A very beautiful young girl committed suicide in my town last night.
I didn't know her, never heard of her until today... but, god, she could have been me. I could have been her.
Before she killed herself, she filmed a suicide "note" and posted it on YouTube. The video has since been removed, but I saw it before they took it down. They shouldn't have taken it down. It was horrifying and heart-breaking but so, so important to hear her words. She wanted people to hear her words. People need to hear her words.
Maddie had this to say about living with depression and how it feels:
"I just don’t see how this is a bad idea because it’s like someone’s on the 12th floor, and the room behind them is on fire.

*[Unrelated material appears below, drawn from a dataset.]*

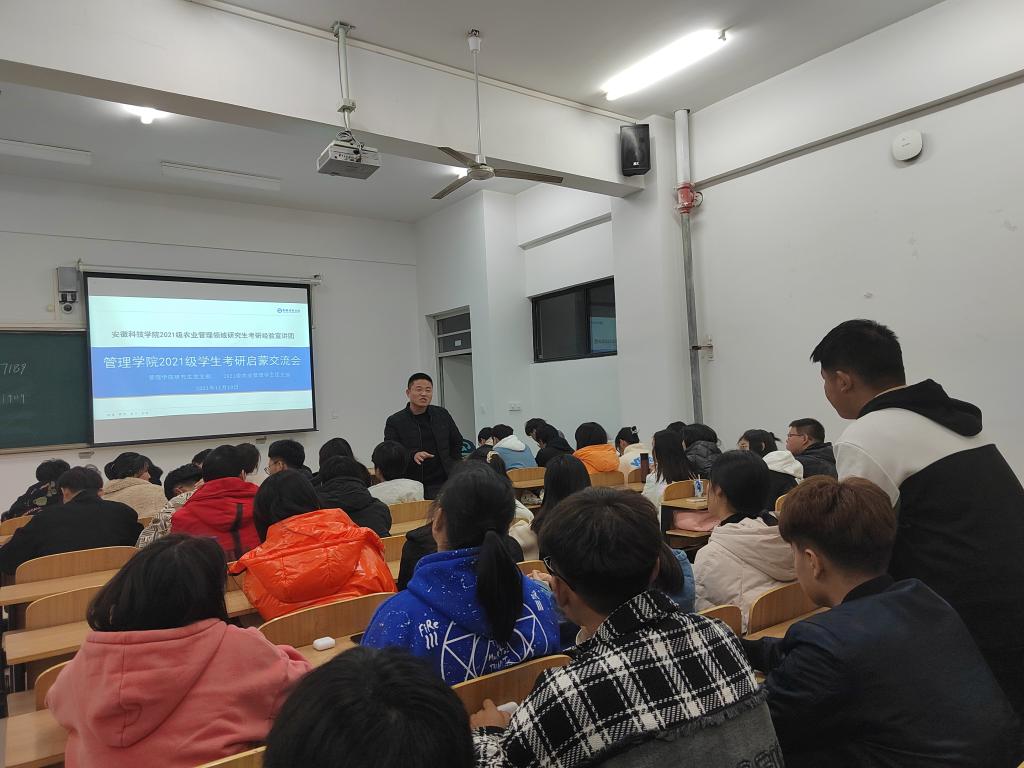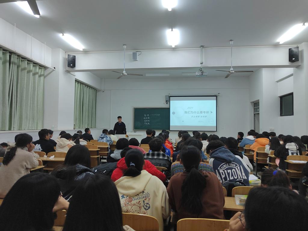 为丰富学院2021级新生入学教育内容,充分利用学院研究生资源实施2021级新生考研领航计划,11月10日晚,管理学院研究生支部党员在致知楼C107为2021级工商管理专业88位学生开展了考研启蒙宣讲,宣讲会由管理学院辅导员姚姝媛主持。

And they’re standing on the window ledge and they have a choice whether or not to jump and get away from the fire or just stay and die a slow, excruciating death. It feels like that."
Keep in mind that she is... she was... a junior in high school. A junior in high school.
And she described it exactly right... it is exactly like that.
She said she was doing everyone a favor.
That poor child. That poor, poor child.
She asked for people to remember what a bad person she was.
Oh my god... I just spent the last hour reading her Twitter feed. She was a beautiful, achingly beautiful soul. She was a leader among her friends... I saw her chastising people for spreading rumors about others and about being bullies. She had, many times in her tweets, referred to suicide hotlines and about getting help and how painful it was for her to know that some people saw suicide as their only option.
And now, just like that, she's gone. She's gone and she can't come back.
And it's devastating to me because I felt her words... I could feel them because they're words I've said before, thoughts I've had many, many times in my 44 years. I can't even... I'm just so horrified for this poor child. She said it herself... she felt like she had a demon inside her. And she just wasn't equipped at such a young age to fight him and she gave up... gave in. And now she's gone.
No, I didn't know Maddie, but I knew her.
And my heart is just shattered for her.